In the old forum, I found this topic:
http://www.arduino.cc/cgi-bin/yabb2/YaBB.pl?num=1267245927

Indicating how to convert the values ??in% RH, dewpoint and humidex.
But the function to convert dewpoint, I get an error, which is a value added and multiplied, what is the correct formula to get it?

Code: [Select]
dewpoint = (237,7*(17.271*((temp-32)*5/9))/(237.7+*((temp-32)*5/9)+log(RH/100))/(17.271-(17.271*((temp-32)*5/9))/(237.7+*((temp-32)*5/9)+(log(RH/100)));
// the numbers are constants, RH =relative humidity, temperature must be in C

Thanks,

#### pylon

#1
##### Jun 20, 2012, 06:26 pm
This code is syntactically incorrect. I simplified it a little and added the necessary braces at the end, although I don't know if this calculates the correct value (I haven't studied the wikipedia article).

Code: [Select]
float tempC = 25.7;
float temp = (tempC -32) * 5 / 9;
float RH = 35.9;
float dewpoint = (237.7*(17.271*temp)/(237.7*temp+log(RH/100))/(17.271-(17.271*temp)/(237.7*temp+(log(RH/100)))));

This at least compiles. I took out the recurring calculation of the temperature in Fahrenheit and made it before the dewpoint calculation.

#### Reinderien

#2
##### Jun 20, 2012, 09:11 pmLast Edit: Jun 20, 2012, 11:58 pm by Reinderien Reason: 1
You may also want to try:

Code: [Select]

const float
tempC = 25.7,
temp = (tempC - 32) * 5/9,
logRH = -1.024433, // ln(35.9/100)
a = 17.271,
b = 237.7,
y = a*temp/(b + temp) + logRH,
Td = b*y/(a - y);

#### Jay_OR

#3
##### Jun 21, 2012, 04:42 pmLast Edit: Jun 21, 2012, 04:45 pm by Jay_OR Reason: 1

This code is syntactically incorrect.
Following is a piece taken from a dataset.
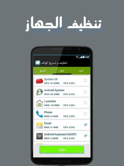 Paglalarawan ng تنظيف و تسريع الهاتف
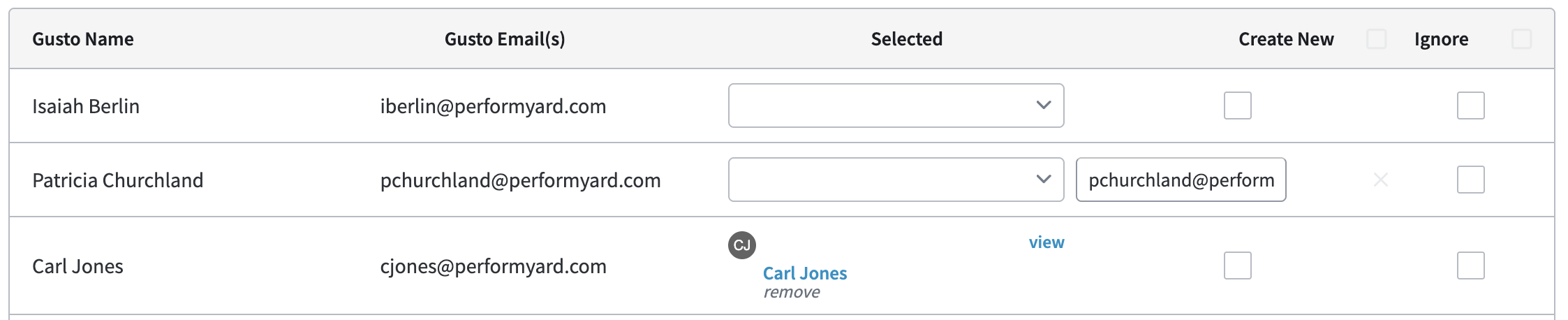 This page will show any Gusto employee that has not been matched with a PerformYard account. Going forward, newly added people to Gusto will appear in this list for action.

I simplified it a little and added the necessary braces at the end, although I don't know if this calculates the correct value (I haven't studied the wikipedia article).

Code: [Select]
float tempC = 25.7;
float temp = (tempC -32) * 5 / 9;
float RH = 35.9;
float dewpoint = (237.7*(17.271*temp)/(237.7*temp+log(RH/100))/(17.271-(17.271*temp)/(237.7*temp+(log(RH/100)))));

This at least compiles. I took out the recurring calculation of the temperature in Fahrenheit and made it before the dewpoint calculation.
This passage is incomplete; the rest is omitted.